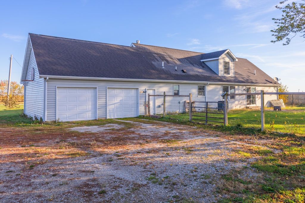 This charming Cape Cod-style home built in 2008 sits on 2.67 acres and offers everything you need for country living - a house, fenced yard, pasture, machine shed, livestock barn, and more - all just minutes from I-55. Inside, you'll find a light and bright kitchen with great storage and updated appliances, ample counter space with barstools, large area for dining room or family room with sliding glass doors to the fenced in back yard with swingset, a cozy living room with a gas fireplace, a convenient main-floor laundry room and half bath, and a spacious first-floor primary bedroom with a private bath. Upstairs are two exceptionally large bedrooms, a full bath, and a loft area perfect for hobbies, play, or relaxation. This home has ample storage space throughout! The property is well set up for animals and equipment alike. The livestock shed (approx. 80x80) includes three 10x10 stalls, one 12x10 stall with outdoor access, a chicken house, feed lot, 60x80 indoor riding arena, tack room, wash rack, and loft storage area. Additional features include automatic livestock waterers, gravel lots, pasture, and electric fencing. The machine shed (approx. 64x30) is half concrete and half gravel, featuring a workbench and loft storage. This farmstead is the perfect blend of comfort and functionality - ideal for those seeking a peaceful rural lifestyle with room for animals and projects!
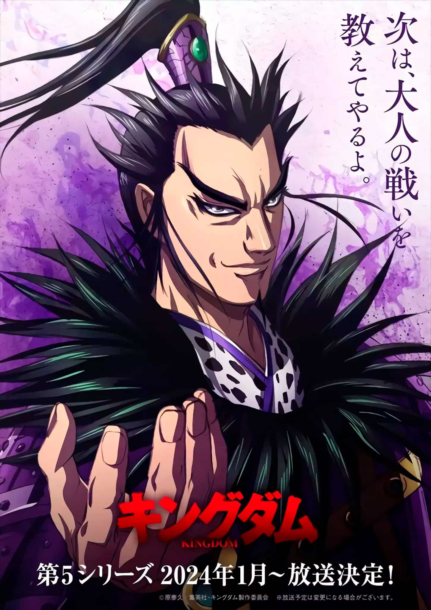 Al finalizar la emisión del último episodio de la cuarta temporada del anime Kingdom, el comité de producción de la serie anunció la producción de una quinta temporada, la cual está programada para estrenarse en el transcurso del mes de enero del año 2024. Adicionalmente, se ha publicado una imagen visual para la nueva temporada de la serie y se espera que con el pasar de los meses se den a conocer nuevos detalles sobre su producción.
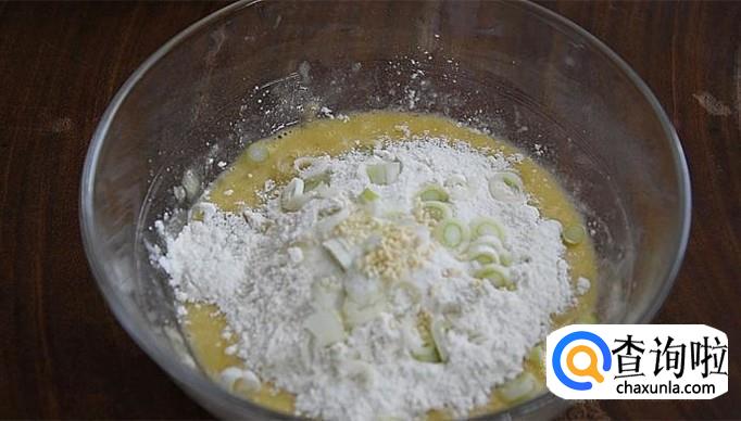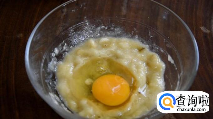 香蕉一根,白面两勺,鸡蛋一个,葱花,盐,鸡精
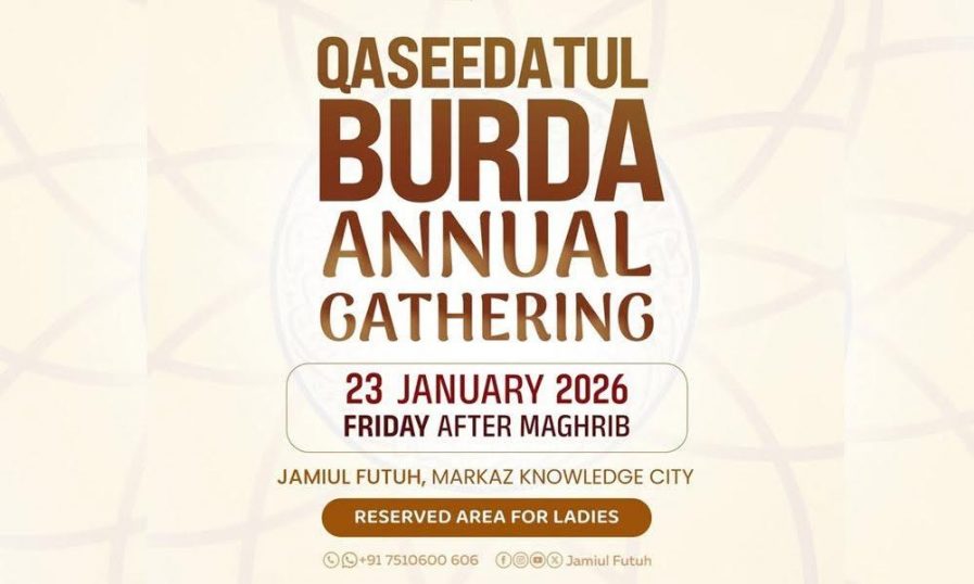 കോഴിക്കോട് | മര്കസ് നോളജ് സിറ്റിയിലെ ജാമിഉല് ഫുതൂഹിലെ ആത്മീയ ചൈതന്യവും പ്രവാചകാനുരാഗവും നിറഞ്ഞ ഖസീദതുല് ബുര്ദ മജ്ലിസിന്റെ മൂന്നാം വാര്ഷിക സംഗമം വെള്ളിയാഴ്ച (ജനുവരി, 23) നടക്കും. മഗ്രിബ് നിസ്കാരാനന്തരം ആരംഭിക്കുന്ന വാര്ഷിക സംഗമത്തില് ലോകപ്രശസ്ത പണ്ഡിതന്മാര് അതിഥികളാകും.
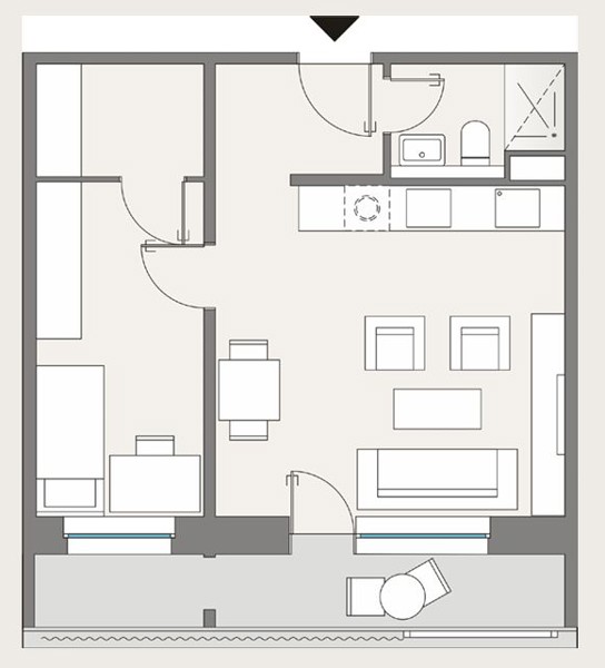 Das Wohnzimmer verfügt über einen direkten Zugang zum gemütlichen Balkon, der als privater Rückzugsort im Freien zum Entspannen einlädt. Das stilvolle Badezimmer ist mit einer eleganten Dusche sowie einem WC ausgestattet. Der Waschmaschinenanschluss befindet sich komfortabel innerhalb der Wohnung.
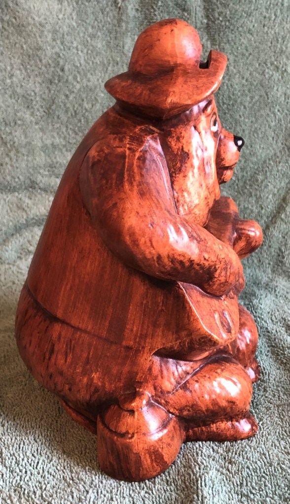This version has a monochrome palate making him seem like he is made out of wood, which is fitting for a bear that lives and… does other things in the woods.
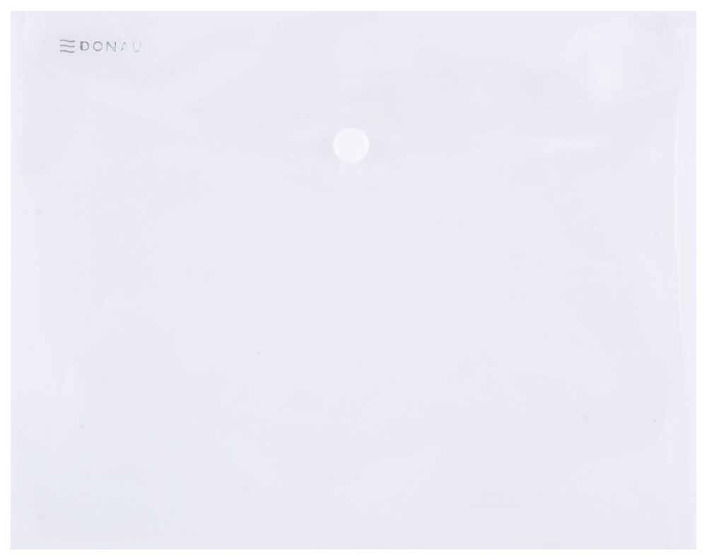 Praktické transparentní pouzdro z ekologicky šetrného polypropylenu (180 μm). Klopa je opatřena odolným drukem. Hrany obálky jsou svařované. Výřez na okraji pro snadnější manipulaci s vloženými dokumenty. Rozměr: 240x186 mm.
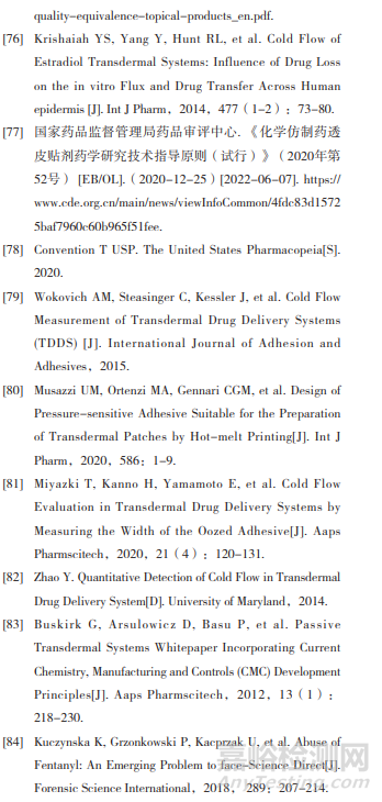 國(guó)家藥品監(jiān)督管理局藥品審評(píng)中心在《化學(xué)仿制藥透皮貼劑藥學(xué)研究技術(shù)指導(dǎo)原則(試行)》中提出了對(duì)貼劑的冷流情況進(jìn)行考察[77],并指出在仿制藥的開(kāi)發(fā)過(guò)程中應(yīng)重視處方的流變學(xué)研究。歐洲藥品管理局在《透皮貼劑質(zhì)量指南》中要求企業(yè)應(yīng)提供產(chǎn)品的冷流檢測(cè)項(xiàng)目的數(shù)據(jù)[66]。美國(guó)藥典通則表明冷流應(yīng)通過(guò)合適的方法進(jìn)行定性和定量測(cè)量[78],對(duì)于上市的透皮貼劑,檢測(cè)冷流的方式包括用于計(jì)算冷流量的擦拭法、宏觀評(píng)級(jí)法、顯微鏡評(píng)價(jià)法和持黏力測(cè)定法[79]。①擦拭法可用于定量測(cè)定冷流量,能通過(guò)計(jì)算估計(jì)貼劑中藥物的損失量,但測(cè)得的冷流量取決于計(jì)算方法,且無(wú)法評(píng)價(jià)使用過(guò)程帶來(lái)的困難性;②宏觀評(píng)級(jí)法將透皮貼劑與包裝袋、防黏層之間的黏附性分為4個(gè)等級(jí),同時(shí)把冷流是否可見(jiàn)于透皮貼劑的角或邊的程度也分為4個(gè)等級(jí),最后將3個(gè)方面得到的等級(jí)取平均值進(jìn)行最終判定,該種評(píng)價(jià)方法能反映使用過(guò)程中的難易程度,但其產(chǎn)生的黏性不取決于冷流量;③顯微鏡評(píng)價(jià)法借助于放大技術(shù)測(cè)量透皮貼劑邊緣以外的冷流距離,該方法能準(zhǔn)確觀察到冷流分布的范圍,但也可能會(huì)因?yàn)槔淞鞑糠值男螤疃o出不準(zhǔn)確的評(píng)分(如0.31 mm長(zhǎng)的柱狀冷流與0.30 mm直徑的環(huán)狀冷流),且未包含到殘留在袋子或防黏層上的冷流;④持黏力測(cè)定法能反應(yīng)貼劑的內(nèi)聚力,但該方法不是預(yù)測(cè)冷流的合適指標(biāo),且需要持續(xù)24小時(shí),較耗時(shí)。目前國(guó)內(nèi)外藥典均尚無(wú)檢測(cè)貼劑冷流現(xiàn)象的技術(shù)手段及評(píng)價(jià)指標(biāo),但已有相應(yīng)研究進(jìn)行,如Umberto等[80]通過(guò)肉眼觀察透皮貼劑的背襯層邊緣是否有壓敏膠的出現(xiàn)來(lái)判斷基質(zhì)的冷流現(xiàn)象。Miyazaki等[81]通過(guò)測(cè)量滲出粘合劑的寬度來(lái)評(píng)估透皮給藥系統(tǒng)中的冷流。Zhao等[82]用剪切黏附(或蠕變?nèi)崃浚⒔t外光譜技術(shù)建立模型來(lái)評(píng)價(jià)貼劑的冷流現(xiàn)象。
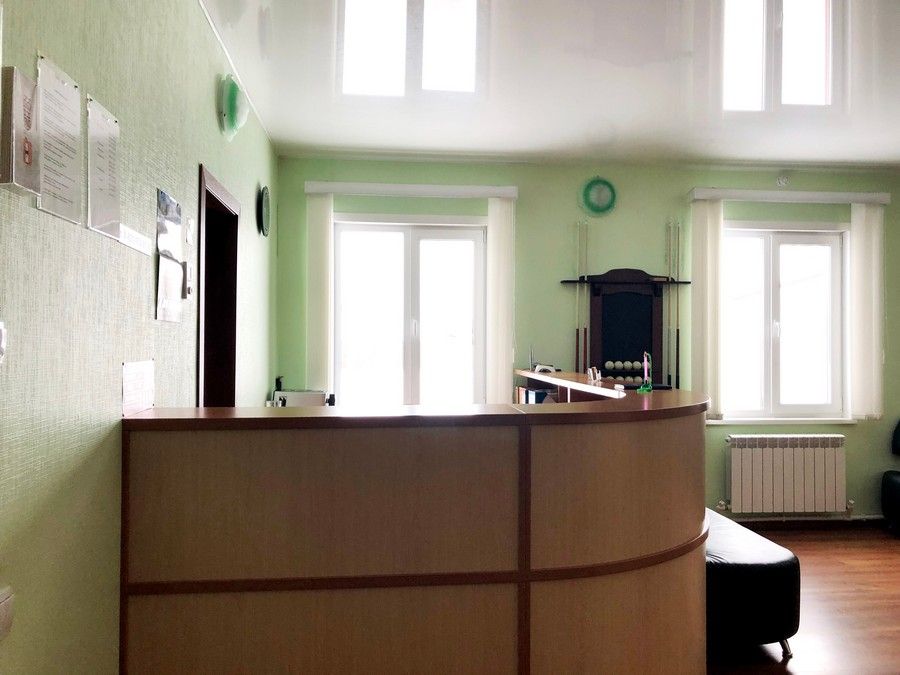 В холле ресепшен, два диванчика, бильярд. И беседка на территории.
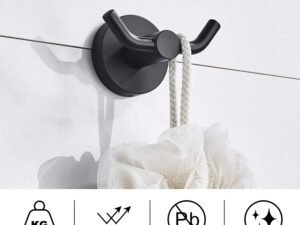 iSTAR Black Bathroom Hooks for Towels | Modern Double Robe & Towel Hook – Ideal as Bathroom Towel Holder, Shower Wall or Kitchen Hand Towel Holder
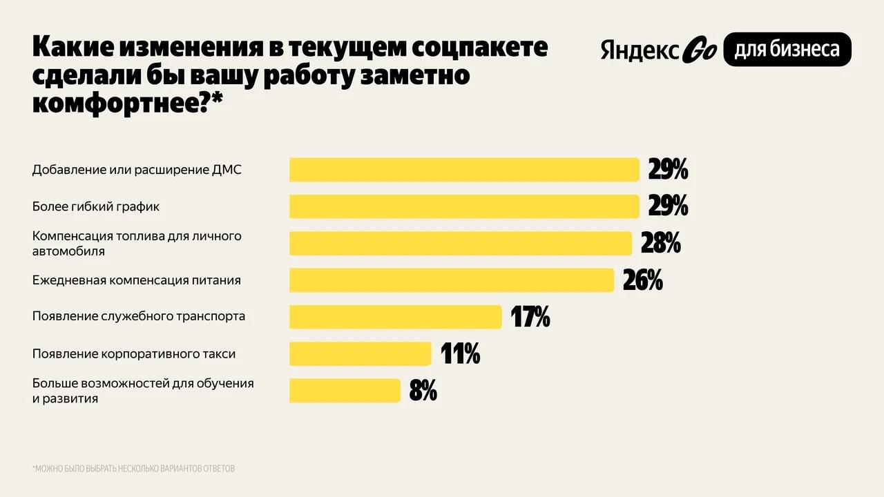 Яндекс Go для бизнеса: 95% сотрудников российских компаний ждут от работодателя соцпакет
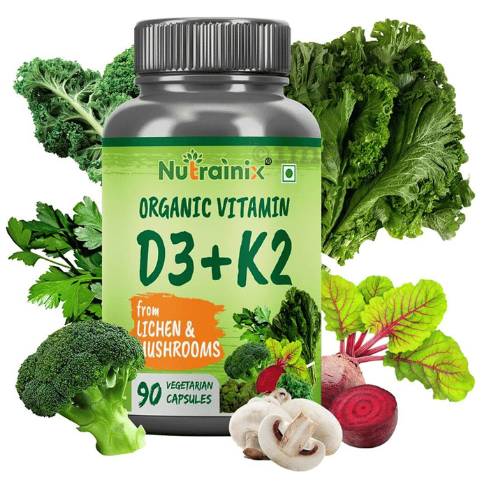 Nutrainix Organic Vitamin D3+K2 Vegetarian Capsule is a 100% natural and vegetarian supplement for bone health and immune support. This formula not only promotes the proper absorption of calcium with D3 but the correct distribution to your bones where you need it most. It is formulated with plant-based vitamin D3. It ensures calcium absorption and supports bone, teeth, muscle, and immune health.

※ ※ ※

→ **Aim of the task**
Repeat the data in full and exactly. Omit pictures.

→ **Output of the exercise**
 This charming Cape Cod-style home built in 2008 sits on 2.67 acres and offers everything you need for country living - a house, fenced yard, pasture, machine shed, livestock barn, and more - all just minutes from I-55. Inside, you'll find a light and bright kitchen with great storage and updated appliances, ample counter space with barstools, large area for dining room or family room with sliding glass doors to the fenced in back yard with swingset, a cozy living room with a gas fireplace, a convenient main-floor laundry room and half bath, and a spacious first-floor primary bedroom with a private bath. Upstairs are two exceptionally large bedrooms, a full bath, and a loft area perfect for hobbies, play, or relaxation. This home has ample storage space throughout! The property is well set up for animals and equipment alike. The livestock shed (approx. 80x80) includes three 10x10 stalls, one 12x10 stall with outdoor access, a chicken house, feed lot, 60x80 indoor riding arena, tack room, wash rack, and loft storage area. Additional features include automatic livestock waterers, gravel lots, pasture, and electric fencing. The machine shed (approx. 64x30) is half concrete and half gravel, featuring a workbench and loft storage. This farmstead is the perfect blend of comfort and functionality - ideal for those seeking a peaceful rural lifestyle with room for animals and projects!
 Al finalizar la emisión del último episodio de la cuarta temporada del anime Kingdom, el comité de producción de la serie anunció la producción de una quinta temporada, la cual está programada para estrenarse en el transcurso del mes de enero del año 2024. Adicionalmente, se ha publicado una imagen visual para la nueva temporada de la serie y se espera que con el pasar de los meses se den a conocer nuevos detalles sobre su producción.
 香蕉一根,白面两勺,鸡蛋一个,葱花,盐,鸡精
 കോഴിക്കോട് | മര്കസ് നോളജ് സിറ്റിയിലെ ജാമിഉല് ഫുതൂഹിലെ ആത്മീയ ചൈതന്യവും പ്രവാചകാനുരാഗവും നിറഞ്ഞ ഖസീദതുല് ബുര്ദ മജ്ലിസിന്റെ മൂന്നാം വാര്ഷിക സംഗമം വെള്ളിയാഴ്ച (ജനുവരി, 23) നടക്കും. മഗ്രിബ് നിസ്കാരാനന്തരം ആരംഭിക്കുന്ന വാര്ഷിക സംഗമത്തില് ലോകപ്രശസ്ത പണ്ഡിതന്മാര് അതിഥികളാകും.
 Das Wohnzimmer verfügt über einen direkten Zugang zum gemütlichen Balkon, der als privater Rückzugsort im Freien zum Entspannen einlädt. Das stilvolle Badezimmer ist mit einer eleganten Dusche sowie einem WC ausgestattet. Der Waschmaschinenanschluss befindet sich komfortabel innerhalb der Wohnung.
This version has a monochrome palate making him seem like he is made out of wood, which is fitting for a bear that lives and… does other things in the woods.
 Praktické transparentní pouzdro z ekologicky šetrného polypropylenu (180 μm). Klopa je opatřena odolným drukem. Hrany obálky jsou svařované. Výřez na okraji pro snadnější manipulaci s vloženými dokumenty. Rozměr: 240x186 mm.
 國(guó)家藥品監(jiān)督管理局藥品審評(píng)中心在《化學(xué)仿制藥透皮貼劑藥學(xué)研究技術(shù)指導(dǎo)原則(試行)》中提出了對(duì)貼劑的冷流情況進(jìn)行考察[77],并指出在仿制藥的開(kāi)發(fā)過(guò)程中應(yīng)重視處方的流變學(xué)研究。歐洲藥品管理局在《透皮貼劑質(zhì)量指南》中要求企業(yè)應(yīng)提供產(chǎn)品的冷流檢測(cè)項(xiàng)目的數(shù)據(jù)[66]。美國(guó)藥典通則表明冷流應(yīng)通過(guò)合適的方法進(jìn)行定性和定量測(cè)量[78],對(duì)于上市的透皮貼劑,檢測(cè)冷流的方式包括用于計(jì)算冷流量的擦拭法、宏觀評(píng)級(jí)法、顯微鏡評(píng)價(jià)法和持黏力測(cè)定法[79]。①擦拭法可用于定量測(cè)定冷流量,能通過(guò)計(jì)算估計(jì)貼劑中藥物的損失量,但測(cè)得的冷流量取決于計(jì)算方法,且無(wú)法評(píng)價(jià)使用過(guò)程帶來(lái)的困難性;②宏觀評(píng)級(jí)法將透皮貼劑與包裝袋、防黏層之間的黏附性分為4個(gè)等級(jí),同時(shí)把冷流是否可見(jiàn)于透皮貼劑的角或邊的程度也分為4個(gè)等級(jí),最后將3個(gè)方面得到的等級(jí)取平均值進(jìn)行最終判定,該種評(píng)價(jià)方法能反映使用過(guò)程中的難易程度,但其產(chǎn)生的黏性不取決于冷流量;③顯微鏡評(píng)價(jià)法借助于放大技術(shù)測(cè)量透皮貼劑邊緣以外的冷流距離,該方法能準(zhǔn)確觀察到冷流分布的范圍,但也可能會(huì)因?yàn)槔淞鞑糠值男螤疃o出不準(zhǔn)確的評(píng)分(如0.31 mm長(zhǎng)的柱狀冷流與0.30 mm直徑的環(huán)狀冷流),且未包含到殘留在袋子或防黏層上的冷流;④持黏力測(cè)定法能反應(yīng)貼劑的內(nèi)聚力,但該方法不是預(yù)測(cè)冷流的合適指標(biāo),且需要持續(xù)24小時(shí),較耗時(shí)。目前國(guó)內(nèi)外藥典均尚無(wú)檢測(cè)貼劑冷流現(xiàn)象的技術(shù)手段及評(píng)價(jià)指標(biāo),但已有相應(yīng)研究進(jìn)行,如Umberto等[80]通過(guò)肉眼觀察透皮貼劑的背襯層邊緣是否有壓敏膠的出現(xiàn)來(lái)判斷基質(zhì)的冷流現(xiàn)象。Miyazaki等[81]通過(guò)測(cè)量滲出粘合劑的寬度來(lái)評(píng)估透皮給藥系統(tǒng)中的冷流。Zhao等[82]用剪切黏附(或蠕變?nèi)崃浚⒔t外光譜技術(shù)建立模型來(lái)評(píng)價(jià)貼劑的冷流現(xiàn)象。
 В холле ресепшен, два диванчика, бильярд. И беседка на территории.
 iSTAR Black Bathroom Hooks for Towels | Modern Double Robe & Towel Hook – Ideal as Bathroom Towel Holder, Shower Wall or Kitchen Hand Towel Holder
 Яндекс Go для бизнеса: 95% сотрудников российских компаний ждут от работодателя соцпакет
 Nutrainix Organic Vitamin D3+K2 Vegetarian Capsule is a 100% natural and vegetarian supplement for bone health and immune support. This formula not only promotes the proper absorption of calcium with D3 but the correct distribution to your bones where you need it most. It is formulated with plant-based vitamin D3. It ensures calcium absorption and supports bone, teeth, muscle, and immune health.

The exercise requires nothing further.